Vulnerabilities in Code Easily Mapped

by Javantea
Nov 14, 2008

INTRODUCTION

On Feb 24, 2008 I wrote specs and a simple parser for my own programming language. The first level of parsing returned a list of types. The second level (currently nearly finished) would sort the types into statements that could be executed line by line using an interpreter or that could be translated into assembly (see ASLang2). The language was designed to compile in automatic bounds checking and would not allow non-deterministic code to compile. This is not an outrageous goal, in fact most interpreted languages do the same. Funny examples of non-deterministic code being executable exist in Python, PHP, and Perl. To a developer, though a magic bullet would be nice. In fact, it would be nice if the compiler was able to print out a list of possible boundary breaks. But before I finished my language, I decided that it would be possible and easy to simply write the same compiler for C/C++. I would get a list of variables, find all pointers in the code, and count whether it's possible to overwrite anything.
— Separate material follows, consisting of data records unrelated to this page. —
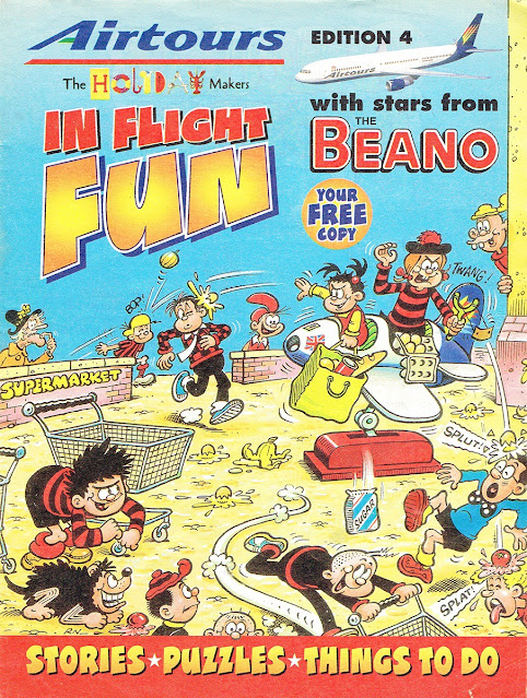I'm always delighted / intrigued to spot advertisers using comics as a medium and I spotted these two comics on ebay recently (so apologies for the quality of some of the images). I'd not come across 'In flight fun' before so I don't know if it just featured Beano characters in these 2 issues or even if there were any subsequent issues. Any help gladly received!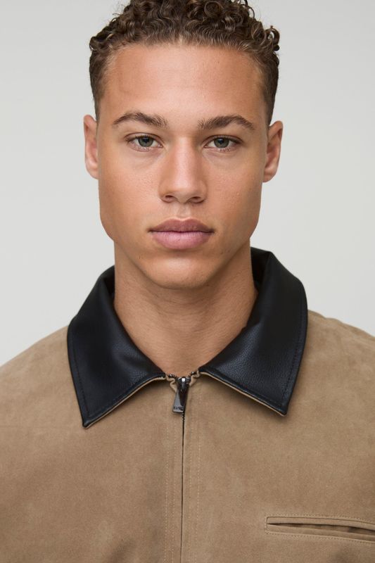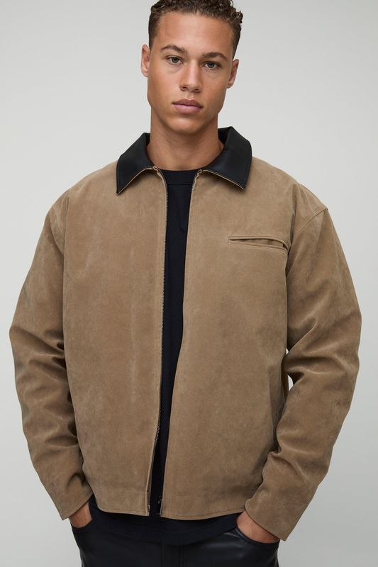 Tall Oversized Boxy Contrast Collar Faux Suede Harrington Jacket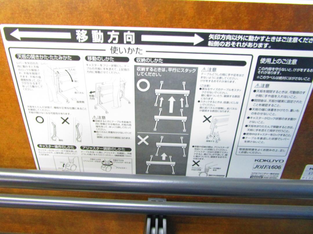 - 一部不具合あり天板歪み、アジャスター無し、キャスター使用不可ようなそのテーブルの本来の効用を果たすための機能以外の一部が使用不可な状態。(例、キャスターロッ ク機能使用不可、棚板無し等がある。)

Easy, huh? In fact, it has been a pretty easy task. I'm not finished by a long shot and my first example isn't finished, but I can easily explain how it works and how I'm the first static code analysis to do this correctly with not much of a budget. (If someone has done this, I haven't heard of it being sold or given away for any price I'm paying.)

The goal of this project is to turn this example code into a security report:

int main(int argc, char **argv)
{
	if(argc < 2) return 1;
	char buf[24];
	sprintf(buf, "%s\n", argv[1]);
	return 0;
}

The example code is a trivial stack overflow. sprintf() is quite often a source of buffer overflows. To exploit this, simply overwrite the end of the buffer which allows you to point to the code you wish to execute.

METHOD

How do we know for sure whether the above code overwrites the buffer? We must write code that follows these rules:
1) char buf[24]; allocates 24 bytes to buf.
2) sprintf(a, b, c) writes a number of bytes to a depending on the values of b and c.
3) if number of bytes written is greater than bytes allocated, print a warning.

My code's method finds all allocations and is capable of understanding size, so the first rule is met. My code finds all reads and writes of variables which satisfies the first half of the second rule. I will write the specific code for sprintf(a,b,c) here for you to see. I will also write the specific code for write greater than alloc and I will draw the warning in the way that my code will draw when it is completed.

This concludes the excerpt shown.